Pour sa part, une source militaire citée par les médias officiels syriens a affirmé que "l'ennemi israélien a mené une agression aérienne à partir du Golan occupé, qui a visé plusieurs positions militaires" dans la région de Damas.

Elle a ajouté que la DCA syrienne (défense anti-aérienne) était entrée en action et avait avait "abattu plusieurs missiles".

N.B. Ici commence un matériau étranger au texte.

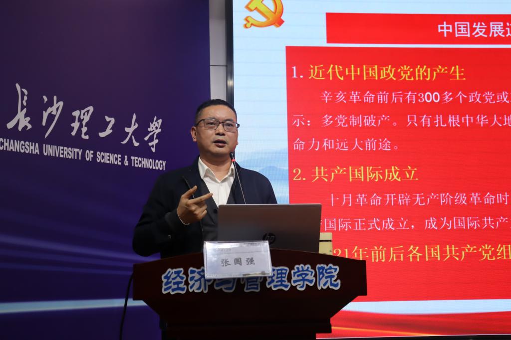 理论课上,张国强以“加快数字化发展,建设数字中国,到2035年中国要进入创新型国家前列”的战略目标为引,从印象中的中国共产党、中国共产党成立前的历史背景、中国发展道路的历史困惑以及革命之路四部分进行理论讲解。张国强特别指出全世界没有哪一个政党遭受过中共这般炼狱地火似的考验,中国共产党全部的合法性和合理性,就在于中华民族的百年救亡中中国共产党的担当,这也激励着我们每位当代大学生努力按照党的要求成为堪当民族复兴重任的时代新人。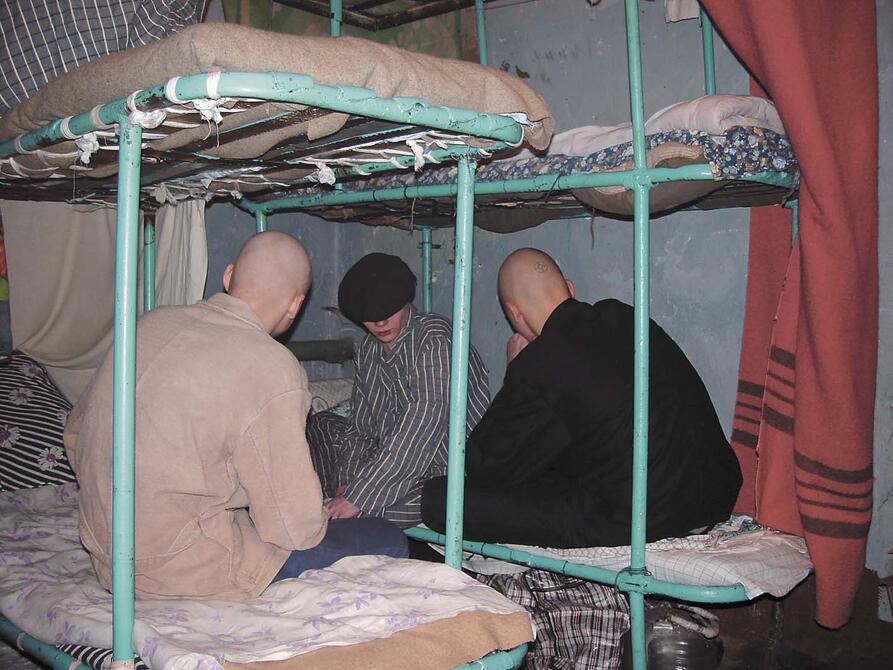 Guttene er enige om at det er hardt ikke å kunne bevege seg. - Det er veldig kjedelig bare å sitte her, sier Zjenja på 16 år. 15 minutter i luftegården i løpet av døgnet er all den friske luften og dagslyset de får. De har ingen kontakt med andre innsatte. På noen av cellene til de mindreårige er det TV, mens andre har en radio. Det er slektninger som har fått lov å gi dem det. Vi så sjakkbrett på noen av cellene. En lærer skal visstnok komme og gi guttene undervisning et par ganger i uken, men de har ennå ikke sett ham.

L'armée israélienne a mené des centaines de frappes aériennes en Syrie depuis le début en 2011 de la guerre civile dans ce pays voisin, ciblant en particulier les groupes pro-iraniens dont le Hezbollah (mouvement islamiste chiite), qui combattent aux côtés du régime.

4.500 cibles du Hezbollah

Elle a intensifié ses frappes depuis le début de la guerre à Gaza en octobre 2023 entre Israël et le Hamas palestinien.

Déjà dimanche, des frappes israéliennes avaient ciblé un dépôt d'armes du Hezbollah situé dans une position de l'armée syrienne et un autre site dans la région de Qalamoun, au nord-est de Damas, selon l'OSDH.

Début mars, une frappe israélienne a tué un membre des Gardiens de la révolution, l'armée idéologique du régime iranien, et deux autres personnes à Banyas, une ville sur la côte syrienne.

L'armée israélienne avait annoncé la semaine dernière avoir atteint "environ 4.500 cibles du Hezbollah" au Liban et en Syrie, dont "plus de 1.200" par des frappes aériennes, depuis le début de la guerre dans la bande de Gaza.

Israël commente rarement ses frappes mais a affirmé qu'il ne permettrait pas à l'Iran, son ennemi juré, de s'implanter à sa frontière.